THE TASK: Give back the exact lines of the material below from the one containing "ROMWE Avant Vintage" through the one containing "InChI: InChI = 1", and no pictures.

AVAILABLE DATA:
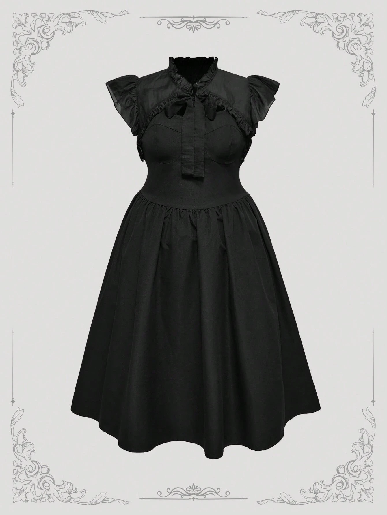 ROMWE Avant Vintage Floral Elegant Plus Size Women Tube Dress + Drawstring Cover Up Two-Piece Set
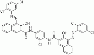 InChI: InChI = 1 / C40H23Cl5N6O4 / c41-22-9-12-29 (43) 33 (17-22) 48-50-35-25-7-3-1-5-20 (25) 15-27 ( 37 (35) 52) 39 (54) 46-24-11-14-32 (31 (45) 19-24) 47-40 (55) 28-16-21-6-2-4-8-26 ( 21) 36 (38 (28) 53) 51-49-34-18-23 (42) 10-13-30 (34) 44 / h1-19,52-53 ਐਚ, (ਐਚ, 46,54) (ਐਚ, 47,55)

--

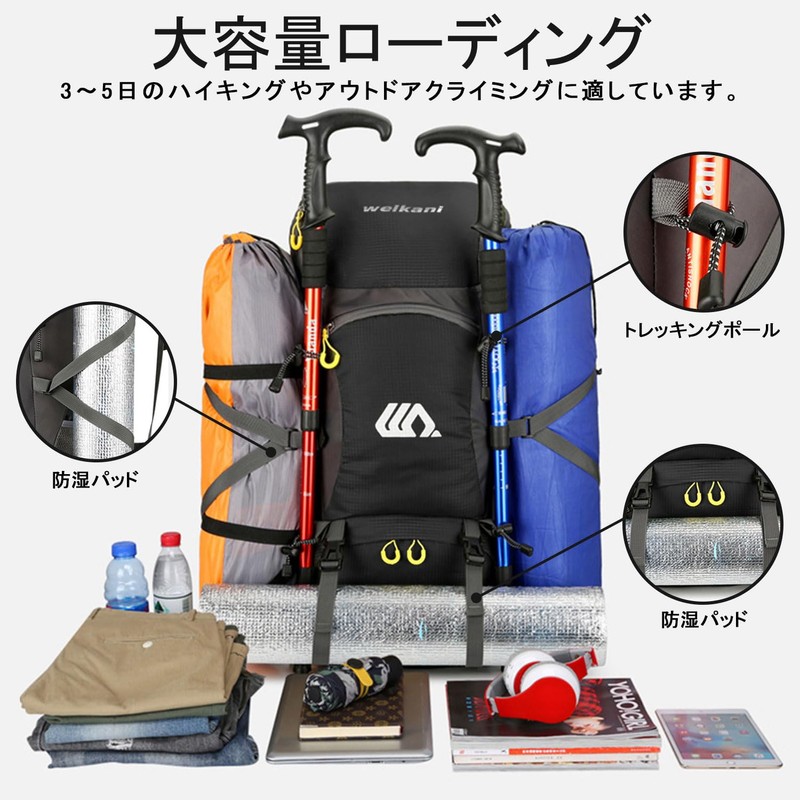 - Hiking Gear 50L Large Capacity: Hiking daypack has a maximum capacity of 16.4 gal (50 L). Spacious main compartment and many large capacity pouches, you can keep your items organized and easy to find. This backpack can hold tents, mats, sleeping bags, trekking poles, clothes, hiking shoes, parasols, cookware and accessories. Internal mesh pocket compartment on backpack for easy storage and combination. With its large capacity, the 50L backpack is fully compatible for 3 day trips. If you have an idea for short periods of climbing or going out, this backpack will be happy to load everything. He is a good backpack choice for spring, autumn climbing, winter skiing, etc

--

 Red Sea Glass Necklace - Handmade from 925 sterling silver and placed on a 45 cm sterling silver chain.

RESULT:
 ROMWE Avant Vintage Floral Elegant Plus Size Women Tube Dress + Drawstring Cover Up Two-Piece Set
 InChI: InChI = 1 / C40H23Cl5N6O4 / c41-22-9-12-29 (43) 33 (17-22) 48-50-35-25-7-3-1-5-20 (25) 15-27 ( 37 (35) 52) 39 (54) 46-24-11-14-32 (31 (45) 19-24) 47-40 (55) 28-16-21-6-2-4-8-26 ( 21) 36 (38 (28) 53) 51-49-34-18-23 (42) 10-13-30 (34) 44 / h1-19,52-53 ਐਚ, (ਐਚ, 46,54) (ਐਚ, 47,55)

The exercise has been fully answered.